First, thanks for such a thoughtful question.
As brevity is the soul of wit, we don’t have a timeline, but we will release models in languages other than English as Common Voice collection allows.
To frame this answer a bit more. Different languages will collect at different rates. This is a function of many things: number of speakers of the language, internet usage among speakers of the language, popularity of Common Voice among speakers of the language, cultural norms among speakers of the language…
Hence, setting one size-fits-all hard limits, e.g. after the first 1k hours are collected we will create a model, is not in any way fair to languages with fewer speakers, or languages with low internet usage, or languages that, for any number of extenuating circumstances, can not collect 1k hours in a reasonable amount of time.
The answer is of course to create models at different rates for different languages. For example, if we only controlled for population, create a new Chinese (China) model for every 2358 more hours of data and create a new Welsh model for every 1 more hour. The problem is how to decide upon these rates. Naively, one would only control for population. However, this would not control for any of the other factors mentioned above: internet usage among speakers of the language, popularity of Common Voice among speakers of the language, cultural norms among speakers of the language… How to control for these factors I think will only become clear as we collect data for languages other than English. Thus, the timeline will also only become clear as collection progresses.

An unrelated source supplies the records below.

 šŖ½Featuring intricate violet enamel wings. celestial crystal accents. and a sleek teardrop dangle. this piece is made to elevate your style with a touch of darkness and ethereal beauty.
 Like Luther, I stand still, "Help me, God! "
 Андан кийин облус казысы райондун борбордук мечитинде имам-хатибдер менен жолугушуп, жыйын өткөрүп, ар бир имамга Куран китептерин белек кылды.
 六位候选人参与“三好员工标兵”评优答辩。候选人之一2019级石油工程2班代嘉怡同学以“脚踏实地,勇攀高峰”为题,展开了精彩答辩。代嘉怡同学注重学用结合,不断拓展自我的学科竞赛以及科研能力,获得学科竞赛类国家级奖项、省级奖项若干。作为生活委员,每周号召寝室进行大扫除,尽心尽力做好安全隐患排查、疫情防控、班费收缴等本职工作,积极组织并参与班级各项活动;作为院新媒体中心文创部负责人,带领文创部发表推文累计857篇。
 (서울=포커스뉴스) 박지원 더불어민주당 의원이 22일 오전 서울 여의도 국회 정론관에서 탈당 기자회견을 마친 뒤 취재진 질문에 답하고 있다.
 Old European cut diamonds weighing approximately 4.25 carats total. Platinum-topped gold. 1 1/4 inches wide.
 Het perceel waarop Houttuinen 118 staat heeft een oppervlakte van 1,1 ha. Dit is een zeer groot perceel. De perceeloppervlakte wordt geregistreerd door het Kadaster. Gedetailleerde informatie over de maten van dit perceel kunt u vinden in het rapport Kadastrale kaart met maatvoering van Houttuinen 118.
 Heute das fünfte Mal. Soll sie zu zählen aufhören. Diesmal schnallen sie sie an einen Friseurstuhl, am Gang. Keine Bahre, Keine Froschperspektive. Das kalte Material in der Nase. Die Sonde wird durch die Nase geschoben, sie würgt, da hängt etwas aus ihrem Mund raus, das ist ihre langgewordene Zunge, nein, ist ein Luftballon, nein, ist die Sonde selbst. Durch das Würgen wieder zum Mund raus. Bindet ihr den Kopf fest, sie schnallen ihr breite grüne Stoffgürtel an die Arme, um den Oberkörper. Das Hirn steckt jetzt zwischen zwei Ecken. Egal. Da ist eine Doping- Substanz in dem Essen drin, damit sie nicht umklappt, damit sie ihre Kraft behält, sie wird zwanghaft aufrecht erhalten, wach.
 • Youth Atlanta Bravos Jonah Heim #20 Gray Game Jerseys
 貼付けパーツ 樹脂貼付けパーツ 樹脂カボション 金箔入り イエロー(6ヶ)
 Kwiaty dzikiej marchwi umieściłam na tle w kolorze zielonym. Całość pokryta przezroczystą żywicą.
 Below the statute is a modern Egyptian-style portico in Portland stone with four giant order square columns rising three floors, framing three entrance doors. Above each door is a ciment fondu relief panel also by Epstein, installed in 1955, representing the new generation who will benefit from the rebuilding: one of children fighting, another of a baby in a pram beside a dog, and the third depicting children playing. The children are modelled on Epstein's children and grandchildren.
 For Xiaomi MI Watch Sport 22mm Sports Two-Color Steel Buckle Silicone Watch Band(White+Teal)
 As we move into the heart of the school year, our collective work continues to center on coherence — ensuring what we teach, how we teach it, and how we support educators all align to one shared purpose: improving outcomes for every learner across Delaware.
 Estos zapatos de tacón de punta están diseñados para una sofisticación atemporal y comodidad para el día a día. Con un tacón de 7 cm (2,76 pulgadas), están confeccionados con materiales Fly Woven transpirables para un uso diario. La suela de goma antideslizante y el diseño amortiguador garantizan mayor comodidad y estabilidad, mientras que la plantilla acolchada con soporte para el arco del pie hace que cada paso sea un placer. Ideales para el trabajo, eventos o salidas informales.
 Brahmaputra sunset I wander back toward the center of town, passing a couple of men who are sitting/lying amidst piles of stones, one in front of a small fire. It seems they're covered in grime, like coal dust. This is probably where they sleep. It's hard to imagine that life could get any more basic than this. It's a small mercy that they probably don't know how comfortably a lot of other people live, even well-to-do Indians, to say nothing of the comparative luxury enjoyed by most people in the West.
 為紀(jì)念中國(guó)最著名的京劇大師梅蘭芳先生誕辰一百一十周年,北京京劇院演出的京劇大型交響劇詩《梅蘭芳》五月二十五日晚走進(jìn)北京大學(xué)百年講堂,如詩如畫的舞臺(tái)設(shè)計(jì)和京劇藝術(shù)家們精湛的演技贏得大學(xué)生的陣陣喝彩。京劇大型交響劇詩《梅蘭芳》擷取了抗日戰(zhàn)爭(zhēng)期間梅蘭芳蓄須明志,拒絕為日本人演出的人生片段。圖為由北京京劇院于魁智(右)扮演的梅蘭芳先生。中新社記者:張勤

Another problem which arises is model performance in the face of little data. Say, for example, we had 100 hours of Welsh data and want to create a model. 100 hours is not sufficient to create a speech recognition engine matching the quality of say Google. So, there is a research aspect that also must be addressed: How to create high quality models with low-resource languages.
To that end, we have applied to NSF to fund research in this direction and hopefully will be able to bring more resources to bear on the problem towards the end of the year.
Interestingly enough this same problem, model performance in the face of little data, can also be used to enhance models for assistive technologies. For example, creating models geared towards certain speech impediments, where there may exist a small data set exemplifying the impediment that we can train on. We plan to also try and address this problem too.
Yet another problem which arises is tuning model hyperparameters to a particular language. For example, Chinese (China) has about 50k to 100k characters while English has only 28, the normal 26 plus space and an apostrophe. This type of difference requires tuning of the model to the language, a human task bottlenecked by the small the number of team member we have on the machine learning team at Mozilla, 4.5 to be exact and not all of them are working on speech recognition.
So you see it’s complicated. However, we hope to deliver more clarity as we see how data collection proceeds in non-English languages.